Physical sciences > Mathematics > Mathematical analysis

Evaluation Type

Evaluation with final exam

Assessment Components

designation	Weight (%)
Exame	100,00
Total:	100,00

Eligibility for exams

No requirements.

Calculation formula of final grade

Final mark at "Época normal"

 Test 1 date: April 14, 2015.

Test 1 classification: Y (out of 10).

 Test 2 date: June 4, 2015.

Test 2 classification: Z (out of 10).

Final mark at "época normal":

(Y + Z)  if (Y + Z) is greater or equal to 10 and the student didn't make the exam at "época normal".

 

Exam classification: X (out of 20);

Final mark at "época normal":

X if the student made the "época normal" exam.

 

Remark 1: The "época normal" exam will consist of two parts, each marking out of 10, in correspondence to the material that have been evaluated at test 1 and 2. 

The student can decide not to make one of the parts of the exam, and then it will be considered the classification obtained by the student at the corresponding test. 

 

Final mark at Época de recurso

Final mark: mark obtained at the exam of "Época de recurso" (out of 20).

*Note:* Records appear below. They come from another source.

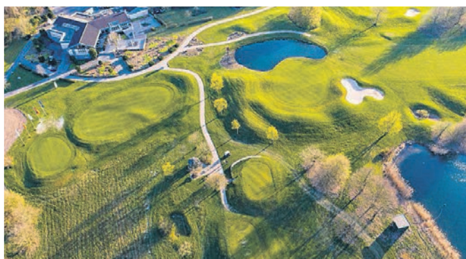
Hügel, Teiche und Sandbunker bieten Herausforderungen.

ders. „Nach den ersten Übungen gibt es oftmals kein Zurück und ein Platzreifekurs muss her.“ Dieser kann beim Golfclub Mettmann in Verbindung mit einer zweimonatigen Probemitgliedschaft absolviert werden. In 29 Golfeinheiten zu je 45 Minuten werden die Grundzüge von Technik, Regeln und Etikette vermittelt, für die Dauer des Kurses stellt der Club allen Teilnehmern leihweise einen Schlägersatz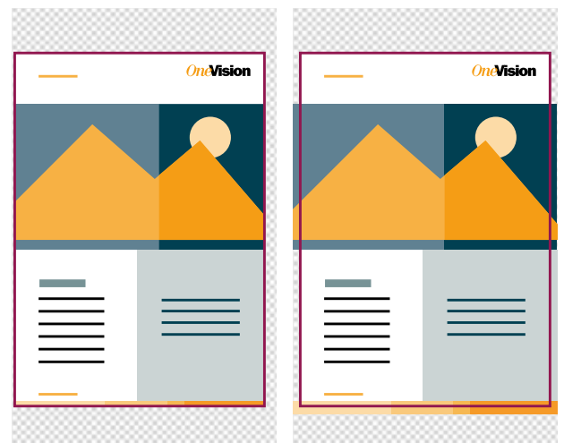
Druckdatei wird ohne Beschnitt geliefert.

Die Book Automation Suite ist eine sogenannte Middleware, die sich mit oder ohne Verwendung des Benutzer-Interface nahtlos in Ihre bestehende System- und Maschinenlandschaft integriert. Der Import von Produktionsdaten erfolgt entweder direkt oder über eine Schnittstelle zu Drittsystemen, Management-Informationssystemen (MIS), Enterprise-Resource-Planning-Systemen (ERP), Webshops oder anderen Systemen. Das Resultat: Ihre High-Speed-Druckmaschinen arbeiten perfekt und reibungslos mit MIS und Bindesystemen zusammen.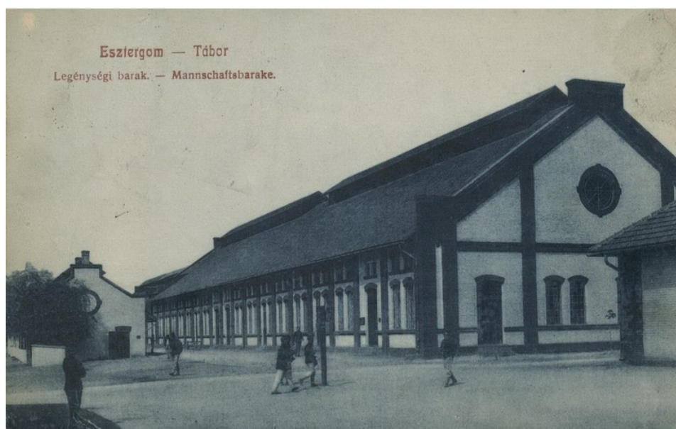
Barakk – képeslap 1912

Remark 2: The "época de recurso" exam will consist of two parts, each marking out of 10, in correspondence to the material that have been evaluated at test 1 and 2. The student that was not approved at "Época normal" can decide not to make one of the parts of the exam, and then it will be considered the classification obtained by the student at the corresponding test.

 

Remark 3: The student that was approved at "Época normal"  can't use the classification(s) obtained by him at the test(s) if he decides to make the exam of "Época de recurso" for improving his final mark at the course.
 

Remark 4: At the "Época de recurso" exam, it is not possible to use the classification obtained  at any of the two parts of the"Época normal" exam. 

Final marks above 17

The students that have marks above 17 (at the two tests, or at the "Época normal" exam, or at the"Época de recurso" exam) will have to do an additional written test, at date after the "Época normal" exam.

Special assessment (TE, DA, ...)

Any student asking for an exam because of special conditions of his registration will do a written exam, but possibly, only, after an extra written or oral examination, in order to check if the student has a minimum knowledge about the unit so that he can do the special exam.

Classification improvement

The student that was approved at "Época normal"  can't use the classification(s) obtained by him at the test(s) if he decides to make the exam of "Época de recurso" for improving his final mark at the course. 

The student that has been approved at the school year 2013/14 and decides to improve his final mark at the course, he can do that only by making the exam and not by doing the tests.

Observations

Unit jury: Ana Paula Dias e José Carlos Santos.